● Excerpted records:
Start of Block
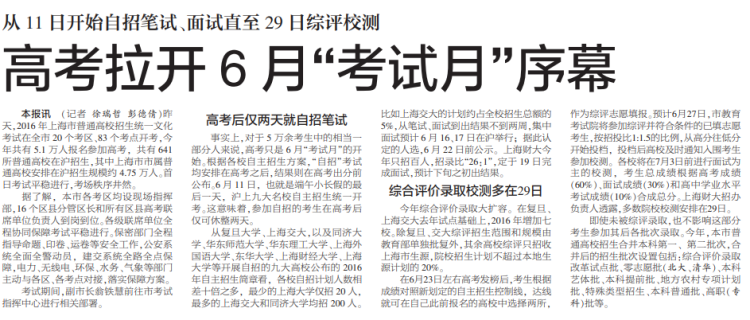 2016年上海高考结束之后,从6月11日开始自招笔试、面试 《解放日报》2016年6月8日第5版
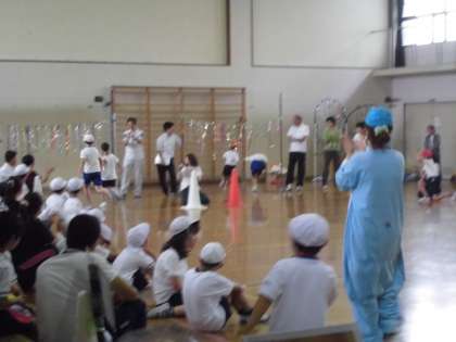中京支部合同運動会が本校でありました。6年生はメダル作りとメダルをつかった「ならんでかけっこ それゴール!」に参加しました。
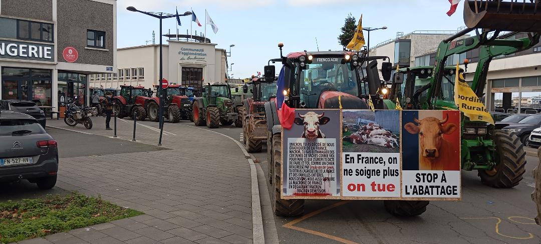 Après avoir déjeuné devant la Communauté d'Agglo, les agriculteurs sont allés occuper le haut de la Grand'rue, face à la Sous-Préfecture.
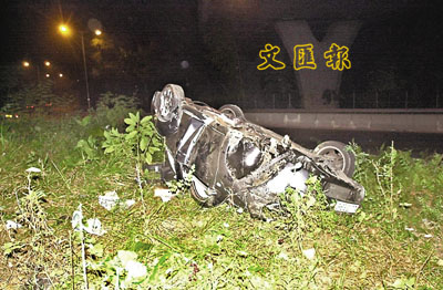 ■甲蟲車失控撞石壆後全車翻側,四輪朝天「臥」在草坪。
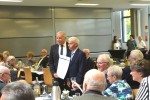 Anschließend begann der Präsident seine Gratulationstour durch die Reihen, wobei festgestellt werden konnte, dass die Geehrten hocherfreut die Ehrenbriefe entgegennahmen. Kurt Krautscheid nahm sich auch die Zeit, mit den Geehrten einige persönliche Worte zu wechseln.
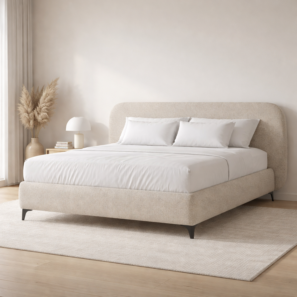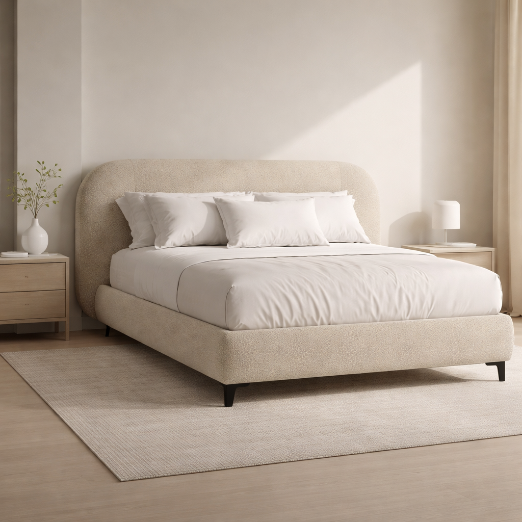 הקווים המעוגלים והרכים של המיטה יוצרים ניגודיות מושלמת ומעניינת לרגלי המתכת השחורות והדקיקות, מה שמעניק לחדר מראה מודרני, חמים ומלא באופי.
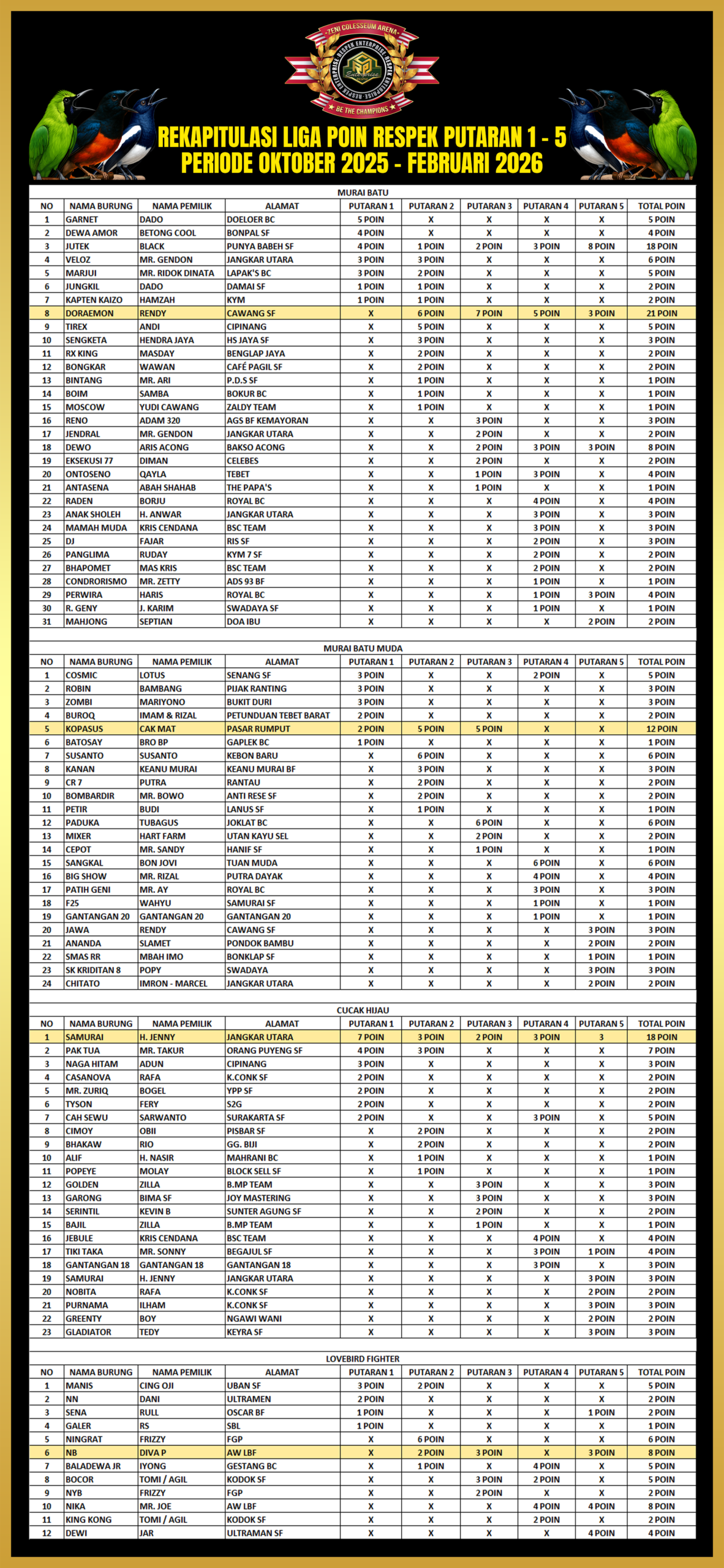 Rekap total poin liga dari putaran pertama hingga putaran kelima dari kelas Murai Batu ada Doraemon unggul dengan total poin 21 poin, murai besutan Rendy Cawang SF tersebut berhasil mendominasi poin dari putaran kedua. Disusul dengan Jutek gaco dari Black Punya Babeh SF yang sikat posisi runner up, dengan total 18 poin. berikutnya ada Dewo yang bertengger diposisi ke tiga pada liga kali ini dengan total poin 8 poin.
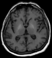 Les méthodes habituelles telles qu'analyses de sang, échographie et autres procédures d'imagerie par tomographie ainsi que la clinique[1] et, si nécessaire, une biopsie du foie avec examen histologique, sont disponibles pour diagnostiquer la maladie hépatique sous-jacente. En ce qui concerne la dégénérescence du cerveau, aucun changement n'est généralement visible sur la tomodensitométrie. L'IRM montre généralement une augmentation du signal dans les noyaux gris centraux sur les séquences natives pondérées en T1[1]. On soupçonne que la cause en est des dépôts de minéraux paramagnétiques, potentiellement réversibles après une transplantation hépatique[1],[2]. Les images pondérées T2 ne montrent généralement aucune anomalie. En termes de diagnostic différentiel, les changements de signal décrits ci-dessus sont parfois observés avec une nutrition parentérale à long terme mais également avec des calcifications idiopathiques. La maladie de Wilson doit également être prise en compte dans le diagnostic différentiel[1].
End of Block
● How to complete this task: Begin at the first line of the listing and print each line exactly. Stop after the line containing "הקווים המעוגלים והרכים", and omit all pictures.

● Solution for this problem:
 2016年上海高考结束之后,从6月11日开始自招笔试、面试 《解放日报》2016年6月8日第5版
中京支部合同運動会が本校でありました。6年生はメダル作りとメダルをつかった「ならんでかけっこ それゴール!」に参加しました。
 Après avoir déjeuné devant la Communauté d'Agglo, les agriculteurs sont allés occuper le haut de la Grand'rue, face à la Sous-Préfecture.
 ■甲蟲車失控撞石壆後全車翻側,四輪朝天「臥」在草坪。
 Anschließend begann der Präsident seine Gratulationstour durch die Reihen, wobei festgestellt werden konnte, dass die Geehrten hocherfreut die Ehrenbriefe entgegennahmen. Kurt Krautscheid nahm sich auch die Zeit, mit den Geehrten einige persönliche Worte zu wechseln.
 הקווים המעוגלים והרכים של המיטה יוצרים ניגודיות מושלמת ומעניינת לרגלי המתכת השחורות והדקיקות, מה שמעניק לחדר מראה מודרני, חמים ומלא באופי.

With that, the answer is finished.